I Me Wed is a 2007 Lifetime romantic comedy film starring Erica Durance and directed by Craig Pryce. The film is about Isabel Darden, a successful, attractive 30-year-old woman, who grows tired of people asking her "when are you going to get married?" She decides to honor the person she loves the most, by tying the knot with herself. The film was released under the title Marry Me in Sweden on August 15, 2010.

==Plot==
Boston based home renovator Isabel Darden, is a successful, attractive 30-year-old woman. Isabel feels happy with her single life and loves herself. But her mother and friends are concerned, she will be a spinster if she doesn't find a husband soon. They constantly nag her about dating and finding the right man. When yet another blind date turns into a nightmare, Isabel decides to do something that will forever keep her friends and mother out of her hair. She announced that she will take their advice and marry the one person who knows her better than anyone else: herself. Much to her mother Lillian and her best friend Amy's disgust.

Isabel begins planning her wedding with the help of her very enthusiastic gay friend, Bill. As Isabel and Bill amuse themselves with the details of organizing her nuptials, Isabel is confident that she will finally get some peace from the wedding obsessed crowd, and she will also be making a statement for single women all over the world. What started as a small event starts to get out of hand, when the story hits the Internet. However, after meeting with her contractor's handsome and intelligent son, Colin, at first, she assumes that this man won't live up to her standards, but after a few romantic dates, it begins to dawn on Isabel that Colin may, in fact, be a better life partner for her than the one she's already planning to marry. As the wedding date approaches and the preparations escalate, Isabel knows that she must let Colin know about her wedding plans. Unfortunately, her numerous attempts to tell him about the wedding are overshadowed by their growing romance, and Colin soon finds out about Isabelle's plans to marry herself after it was announced on national television.

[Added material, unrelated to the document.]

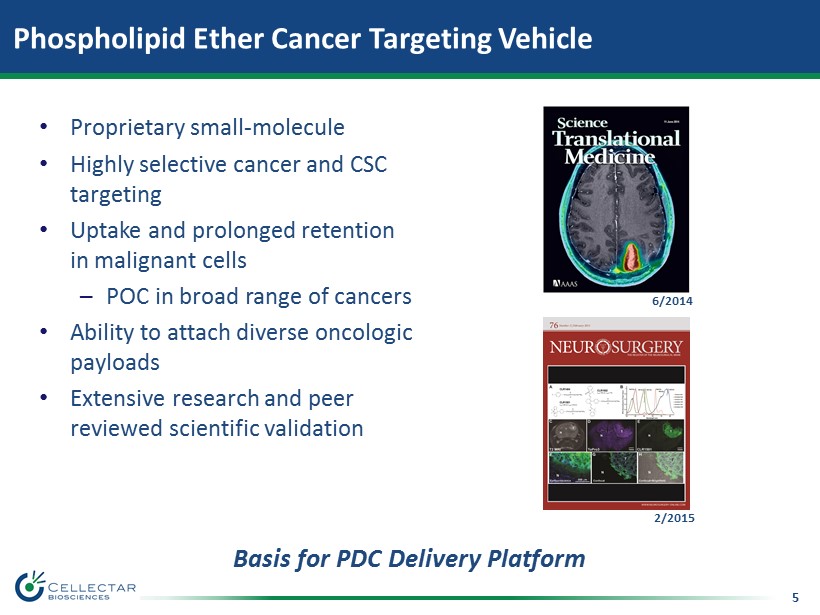 4 PDC Product Development Pipeline PDC Product Candidates Class Cancer Therapeutics Cancer Diagnostics Status Phase 1 Pre - Clinical Pre - Clinical Phase 2 Phase 1 PDC CLR 131 CLR 1601 - PTX CLR 1605 - GEM CLR 124 CLR 1502 Payload Radiotherapy Chemotherapy Chemotherapy Radioisotope PET/CT Imaging Fluorophore Optical Imaging Indication Multiple Myeloma Breast and Lung Pancreatic, Other Glioma Breast Cancer Lumpectomy Status Enrolling Patients Internal In Vitro and In Vivo Studies Evaluating Value - Optimizing Pathways Path In - House Collaboration Platform PDC Platform Creates Partnerships Opportunities

Colin wants her to put a stop to the wedding and save it for their wedding someday in the future. Although Isabel kind of wants to, she can't since she is already noticed by the media and inspiring to women all over the world. Frustrated by Isabelle's failure to tell him about her upcoming wedding and about the repercussions of being known by the public as that "schmuck" who wouldn't marry his girlfriend Colin decides he can't date a woman who is about to marry herself and the pair splits up. When Isabel is about to get married, she explains to everyone about how she wanted a simple ceremony in the park with a sundress. Isabel runs out of the room and comes back with casual clothes instead of the wedding dress. At the end, Isabel is married to Colin.

==Cast==
- Erica Durance as Isabelle Darden
- Paul Popowich as Colin
- Cara Pifko as Amy
- Janet-Laine Green as Lillian Darden
- Thom Allison as Bill
- Vlasta Vrána as Roy
- Meaghan Rath as Tracy

==Production==
I Me Wed was filmed in Toronto and Ottawa, Ontario, Canada.